§ PROBLEM TO SOLVE
Copy, exactly and without additions, every line in the records below from the one holding "Britain's King Charles" through the one holding "Kegiatan Aktualisasi Mata", both ends included.

§ RAW DATA
★ ★ ★

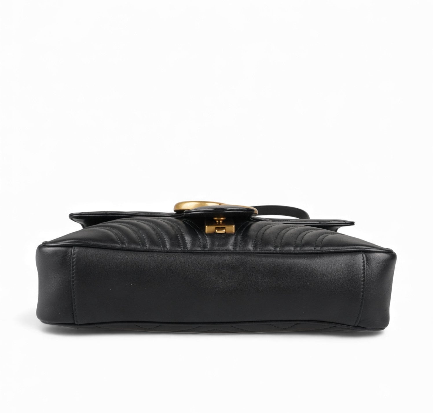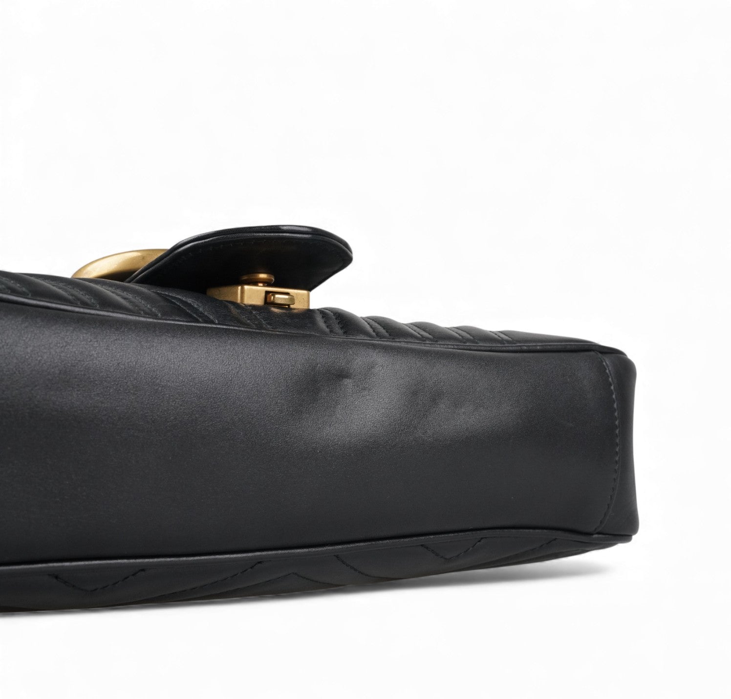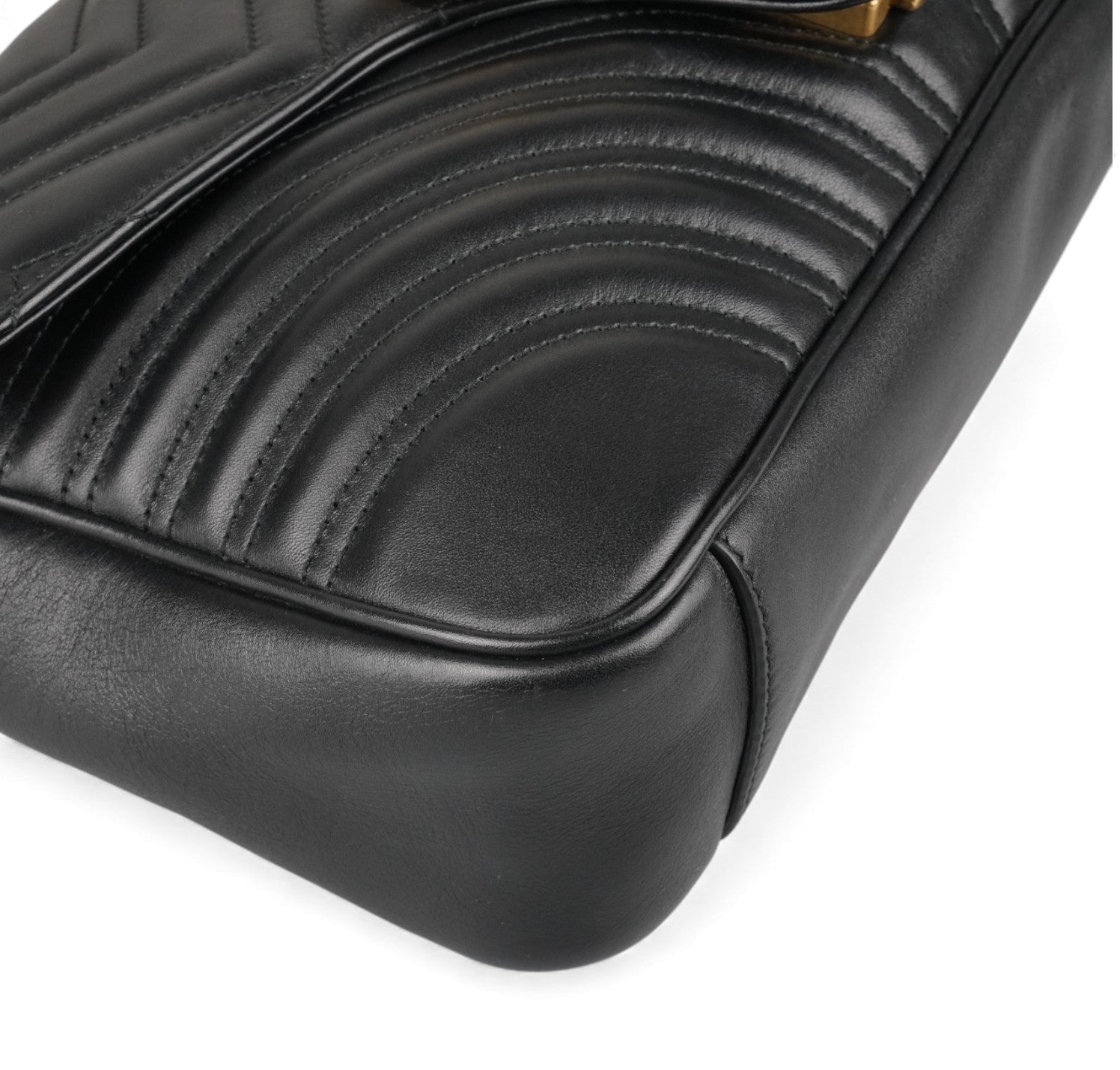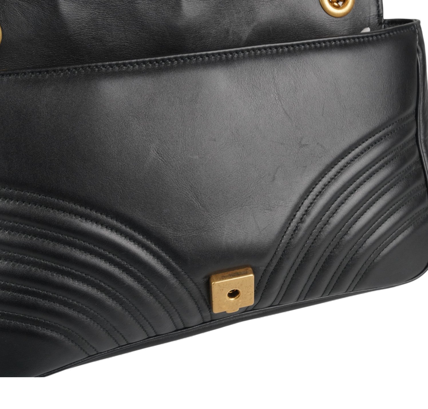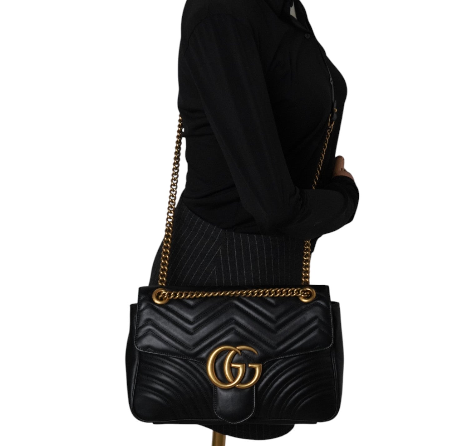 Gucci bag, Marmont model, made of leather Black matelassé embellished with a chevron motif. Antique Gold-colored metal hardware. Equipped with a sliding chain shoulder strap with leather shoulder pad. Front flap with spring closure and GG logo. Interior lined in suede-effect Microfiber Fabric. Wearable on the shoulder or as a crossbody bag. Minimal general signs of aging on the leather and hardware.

★ ★ ★

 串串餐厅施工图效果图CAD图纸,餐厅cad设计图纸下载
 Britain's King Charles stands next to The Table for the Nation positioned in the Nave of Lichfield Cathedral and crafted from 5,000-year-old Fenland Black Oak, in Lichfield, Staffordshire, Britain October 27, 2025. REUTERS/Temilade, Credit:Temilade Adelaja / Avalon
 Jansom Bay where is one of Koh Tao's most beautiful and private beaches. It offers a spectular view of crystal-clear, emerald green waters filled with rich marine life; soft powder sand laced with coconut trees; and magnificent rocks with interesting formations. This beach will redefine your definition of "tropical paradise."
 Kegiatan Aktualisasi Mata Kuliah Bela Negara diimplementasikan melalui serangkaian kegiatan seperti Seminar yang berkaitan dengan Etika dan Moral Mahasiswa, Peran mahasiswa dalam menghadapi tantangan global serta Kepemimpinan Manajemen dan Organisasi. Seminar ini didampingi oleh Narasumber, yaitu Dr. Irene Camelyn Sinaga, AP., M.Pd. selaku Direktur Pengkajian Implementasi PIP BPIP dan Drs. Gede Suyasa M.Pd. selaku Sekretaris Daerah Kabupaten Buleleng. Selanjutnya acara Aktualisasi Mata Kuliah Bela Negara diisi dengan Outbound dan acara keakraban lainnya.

★ ★ ★

§ SOLUTION
 Britain's King Charles stands next to The Table for the Nation positioned in the Nave of Lichfield Cathedral and crafted from 5,000-year-old Fenland Black Oak, in Lichfield, Staffordshire, Britain October 27, 2025. REUTERS/Temilade, Credit:Temilade Adelaja / Avalon
 Jansom Bay where is one of Koh Tao's most beautiful and private beaches. It offers a spectular view of crystal-clear, emerald green waters filled with rich marine life; soft powder sand laced with coconut trees; and magnificent rocks with interesting formations. This beach will redefine your definition of "tropical paradise."
 Kegiatan Aktualisasi Mata Kuliah Bela Negara diimplementasikan melalui serangkaian kegiatan seperti Seminar yang berkaitan dengan Etika dan Moral Mahasiswa, Peran mahasiswa dalam menghadapi tantangan global serta Kepemimpinan Manajemen dan Organisasi. Seminar ini didampingi oleh Narasumber, yaitu Dr. Irene Camelyn Sinaga, AP., M.Pd. selaku Direktur Pengkajian Implementasi PIP BPIP dan Drs. Gede Suyasa M.Pd. selaku Sekretaris Daerah Kabupaten Buleleng. Selanjutnya acara Aktualisasi Mata Kuliah Bela Negara diisi dengan Outbound dan acara keakraban lainnya.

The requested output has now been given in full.